Task brief: Beneath this instruction is a block of data; output from it exactly the lines that run from the one containing "Jel: With the" through the one containing "縦リブ素材で通気性がよく、一枚でもレイヤードでも映える韓国風トレンドアイテム。", inclusive.

Provided records:
***

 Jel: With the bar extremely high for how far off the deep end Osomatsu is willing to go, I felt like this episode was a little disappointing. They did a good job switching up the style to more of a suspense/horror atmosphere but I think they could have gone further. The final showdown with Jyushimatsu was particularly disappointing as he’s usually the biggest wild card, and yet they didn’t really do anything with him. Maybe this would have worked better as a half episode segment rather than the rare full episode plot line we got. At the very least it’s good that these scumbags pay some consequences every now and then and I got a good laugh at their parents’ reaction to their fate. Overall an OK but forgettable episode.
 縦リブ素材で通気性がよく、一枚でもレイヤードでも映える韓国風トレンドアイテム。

***

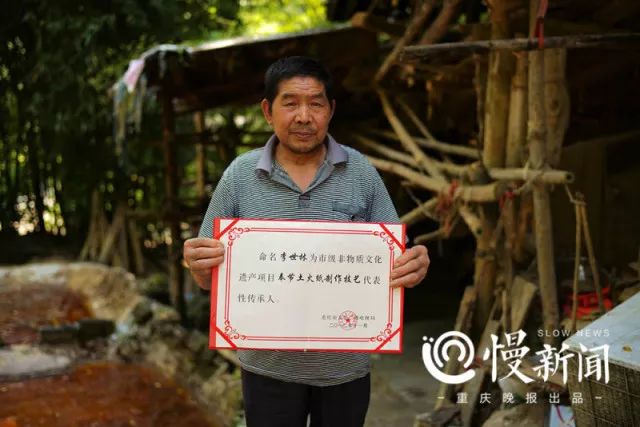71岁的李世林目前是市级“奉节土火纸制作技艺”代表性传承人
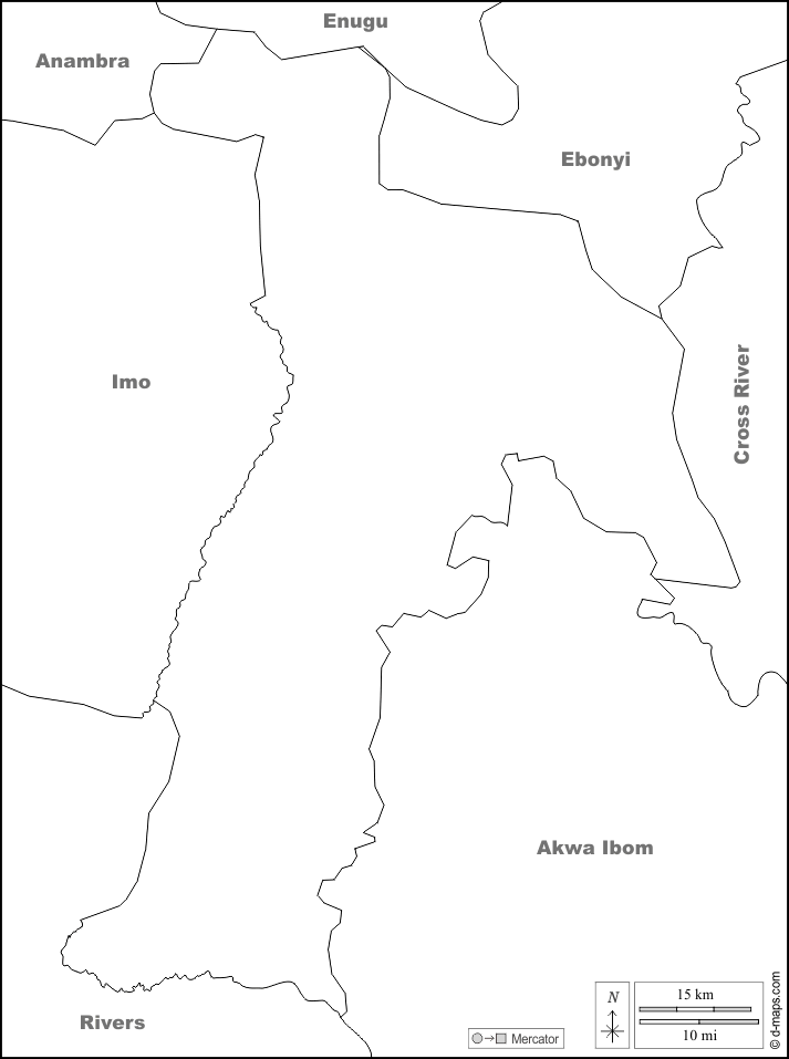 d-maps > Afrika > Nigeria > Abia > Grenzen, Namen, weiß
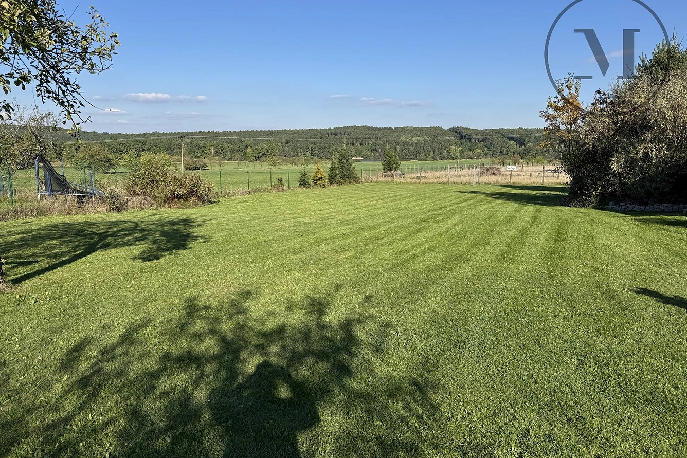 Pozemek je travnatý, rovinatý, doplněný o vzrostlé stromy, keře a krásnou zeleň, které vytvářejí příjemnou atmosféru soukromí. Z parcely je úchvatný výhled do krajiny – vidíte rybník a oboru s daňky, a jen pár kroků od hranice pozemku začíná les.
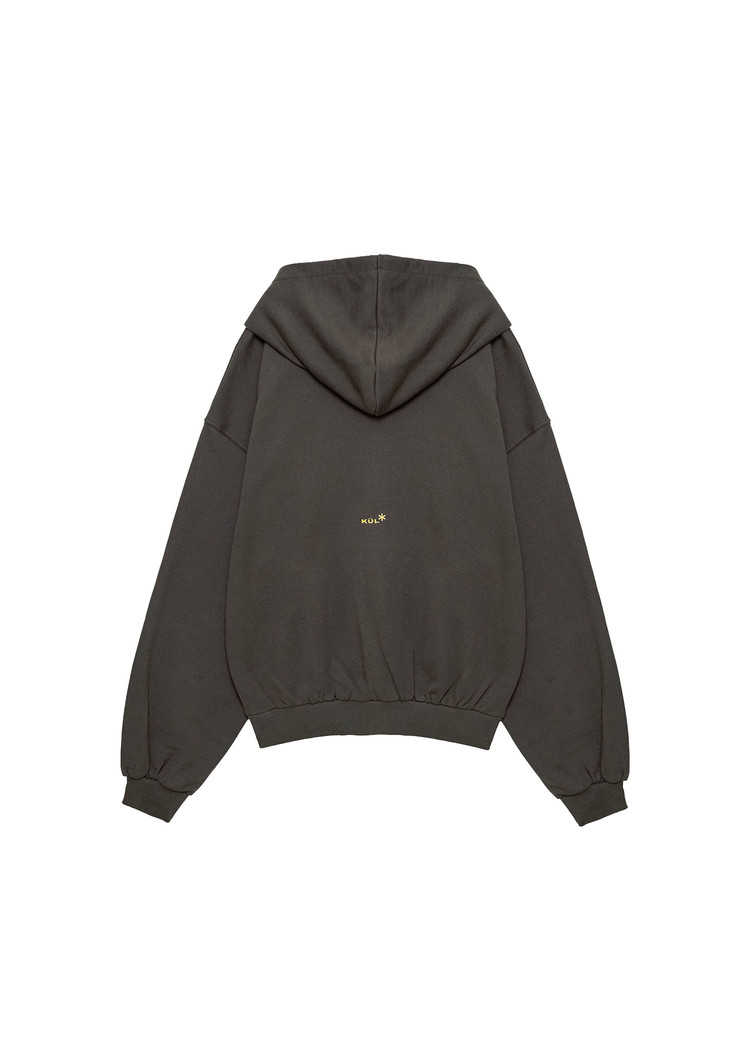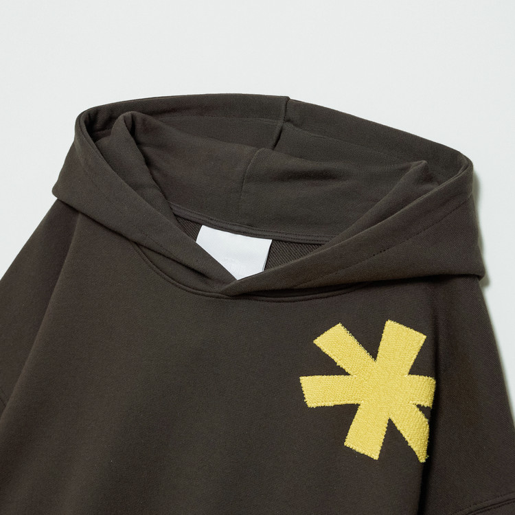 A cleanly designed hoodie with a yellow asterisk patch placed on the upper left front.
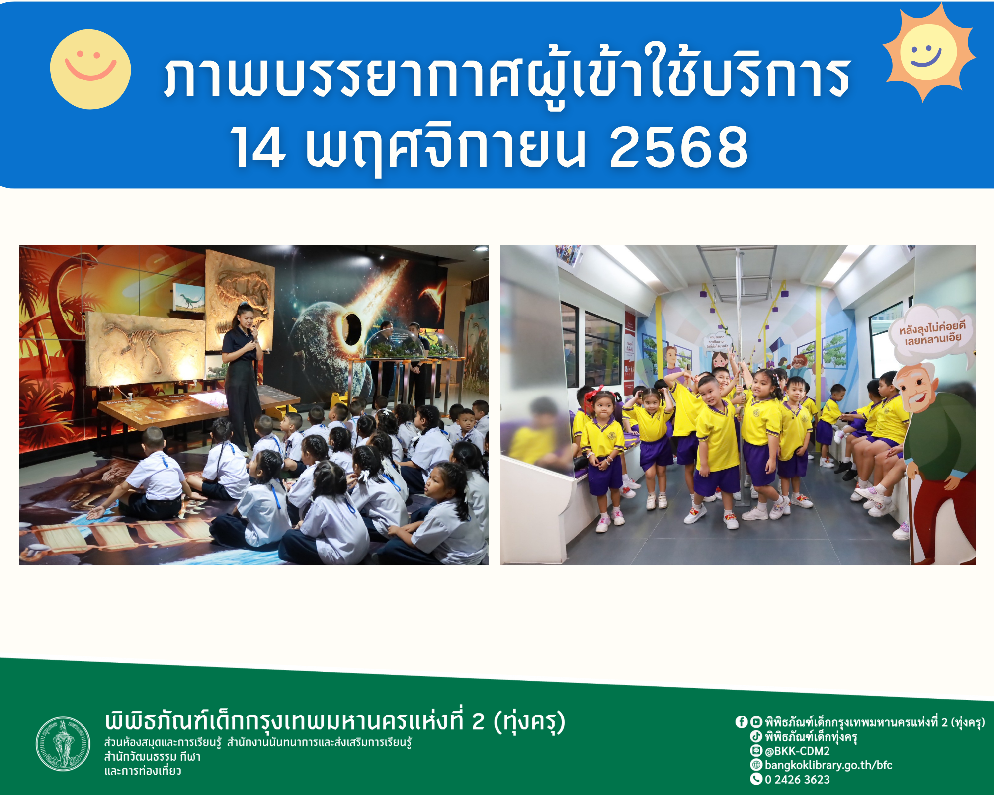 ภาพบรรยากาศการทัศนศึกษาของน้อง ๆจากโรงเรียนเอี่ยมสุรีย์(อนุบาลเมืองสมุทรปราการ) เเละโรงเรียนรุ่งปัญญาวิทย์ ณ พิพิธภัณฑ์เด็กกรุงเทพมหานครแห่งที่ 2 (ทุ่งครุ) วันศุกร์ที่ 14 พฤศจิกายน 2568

***

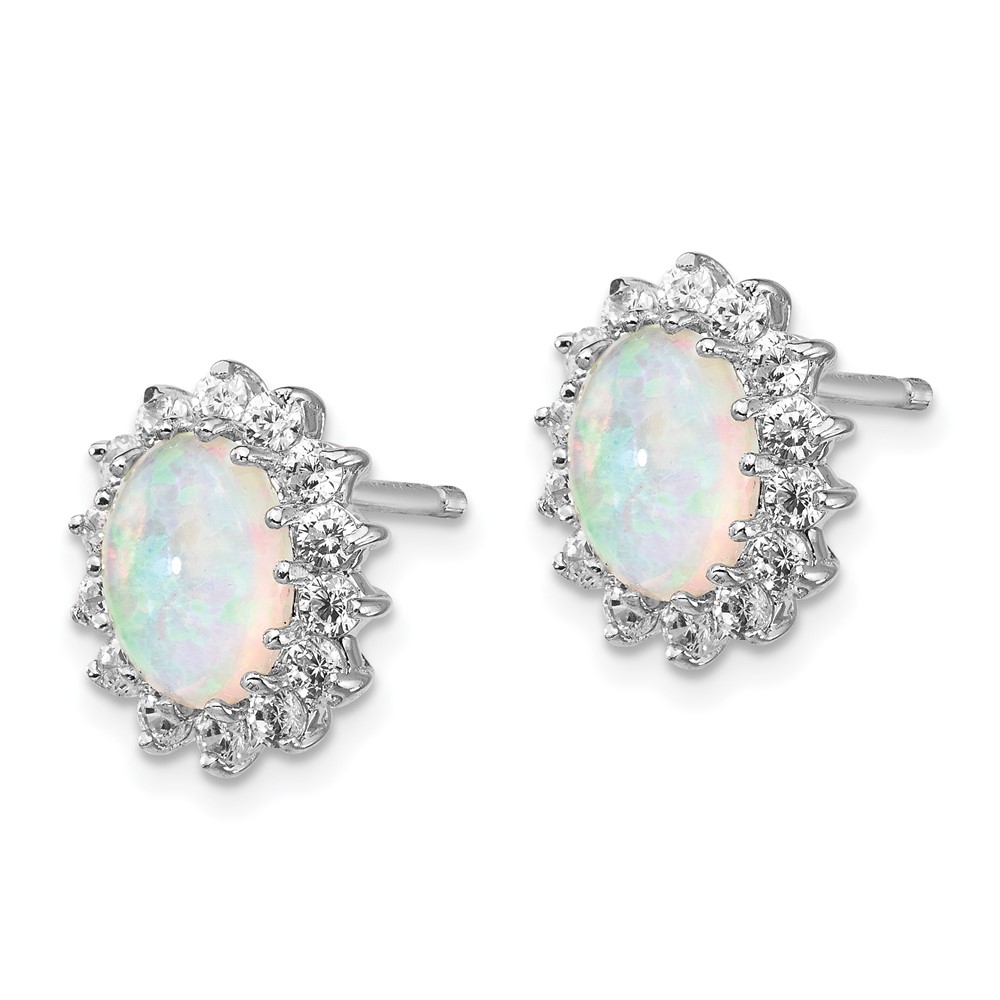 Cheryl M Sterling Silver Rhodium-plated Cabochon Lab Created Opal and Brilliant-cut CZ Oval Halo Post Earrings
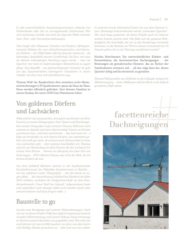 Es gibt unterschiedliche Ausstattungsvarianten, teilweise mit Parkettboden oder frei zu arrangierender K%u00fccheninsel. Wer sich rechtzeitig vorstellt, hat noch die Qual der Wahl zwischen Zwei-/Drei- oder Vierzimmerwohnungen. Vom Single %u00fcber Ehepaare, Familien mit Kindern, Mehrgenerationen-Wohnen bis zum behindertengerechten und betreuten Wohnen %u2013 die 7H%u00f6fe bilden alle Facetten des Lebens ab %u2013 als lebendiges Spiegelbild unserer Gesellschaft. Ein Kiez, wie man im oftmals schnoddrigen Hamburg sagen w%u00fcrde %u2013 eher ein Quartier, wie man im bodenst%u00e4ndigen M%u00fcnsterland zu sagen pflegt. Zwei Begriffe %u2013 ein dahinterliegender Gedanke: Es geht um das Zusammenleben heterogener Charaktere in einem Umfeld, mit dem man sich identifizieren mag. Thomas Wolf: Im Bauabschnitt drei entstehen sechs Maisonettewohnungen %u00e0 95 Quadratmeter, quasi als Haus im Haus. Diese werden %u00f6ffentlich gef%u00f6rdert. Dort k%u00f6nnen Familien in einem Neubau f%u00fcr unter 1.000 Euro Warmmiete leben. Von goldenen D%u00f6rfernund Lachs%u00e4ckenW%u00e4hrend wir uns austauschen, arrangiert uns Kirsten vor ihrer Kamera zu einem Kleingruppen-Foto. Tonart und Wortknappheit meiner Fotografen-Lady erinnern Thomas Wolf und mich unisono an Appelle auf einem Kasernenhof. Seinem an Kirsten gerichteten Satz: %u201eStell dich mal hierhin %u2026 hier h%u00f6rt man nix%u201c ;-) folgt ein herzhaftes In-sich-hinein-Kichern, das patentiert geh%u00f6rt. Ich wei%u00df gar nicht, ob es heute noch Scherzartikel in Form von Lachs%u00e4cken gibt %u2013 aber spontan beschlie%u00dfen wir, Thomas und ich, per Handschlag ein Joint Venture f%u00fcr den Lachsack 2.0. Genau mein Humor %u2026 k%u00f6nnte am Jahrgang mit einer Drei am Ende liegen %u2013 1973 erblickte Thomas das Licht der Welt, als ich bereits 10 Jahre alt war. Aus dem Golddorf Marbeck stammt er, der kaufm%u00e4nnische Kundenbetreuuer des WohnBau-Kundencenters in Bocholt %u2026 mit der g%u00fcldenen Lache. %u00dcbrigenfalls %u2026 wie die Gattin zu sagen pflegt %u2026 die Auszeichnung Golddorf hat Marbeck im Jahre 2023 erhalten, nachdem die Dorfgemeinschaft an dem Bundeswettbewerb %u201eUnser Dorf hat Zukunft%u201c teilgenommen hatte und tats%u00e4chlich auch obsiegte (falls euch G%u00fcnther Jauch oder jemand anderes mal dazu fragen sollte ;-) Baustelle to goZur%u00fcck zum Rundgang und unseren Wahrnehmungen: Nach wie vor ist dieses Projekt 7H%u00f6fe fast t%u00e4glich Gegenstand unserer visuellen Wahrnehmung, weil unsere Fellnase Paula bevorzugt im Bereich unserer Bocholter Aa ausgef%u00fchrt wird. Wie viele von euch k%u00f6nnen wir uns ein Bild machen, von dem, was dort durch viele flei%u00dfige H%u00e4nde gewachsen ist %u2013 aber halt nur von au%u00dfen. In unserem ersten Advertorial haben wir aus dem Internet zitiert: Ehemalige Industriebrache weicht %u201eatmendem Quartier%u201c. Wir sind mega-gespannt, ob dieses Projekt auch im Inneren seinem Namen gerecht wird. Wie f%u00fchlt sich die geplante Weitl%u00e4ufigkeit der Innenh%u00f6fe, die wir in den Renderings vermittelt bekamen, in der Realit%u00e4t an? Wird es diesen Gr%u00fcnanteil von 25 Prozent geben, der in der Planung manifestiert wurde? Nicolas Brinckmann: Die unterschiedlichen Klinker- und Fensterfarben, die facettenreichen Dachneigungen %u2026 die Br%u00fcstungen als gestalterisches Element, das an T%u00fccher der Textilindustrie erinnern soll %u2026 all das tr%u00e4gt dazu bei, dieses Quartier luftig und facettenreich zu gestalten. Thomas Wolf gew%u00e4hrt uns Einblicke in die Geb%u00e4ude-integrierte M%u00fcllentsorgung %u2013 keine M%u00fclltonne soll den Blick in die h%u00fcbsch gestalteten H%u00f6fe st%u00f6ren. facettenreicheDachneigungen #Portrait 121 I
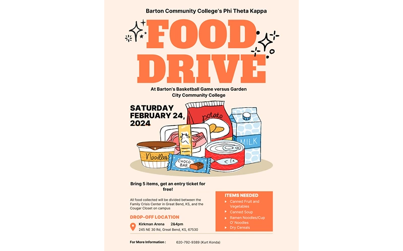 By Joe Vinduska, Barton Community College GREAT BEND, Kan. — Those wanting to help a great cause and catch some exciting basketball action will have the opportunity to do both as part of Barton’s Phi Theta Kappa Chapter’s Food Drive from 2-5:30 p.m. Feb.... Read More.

***

Finished task:
 Jel: With the bar extremely high for how far off the deep end Osomatsu is willing to go, I felt like this episode was a little disappointing. They did a good job switching up the style to more of a suspense/horror atmosphere but I think they could have gone further. The final showdown with Jyushimatsu was particularly disappointing as he’s usually the biggest wild card, and yet they didn’t really do anything with him. Maybe this would have worked better as a half episode segment rather than the rare full episode plot line we got. At the very least it’s good that these scumbags pay some consequences every now and then and I got a good laugh at their parents’ reaction to their fate. Overall an OK but forgettable episode.
 縦リブ素材で通気性がよく、一枚でもレイヤードでも映える韓国風トレンドアイテム。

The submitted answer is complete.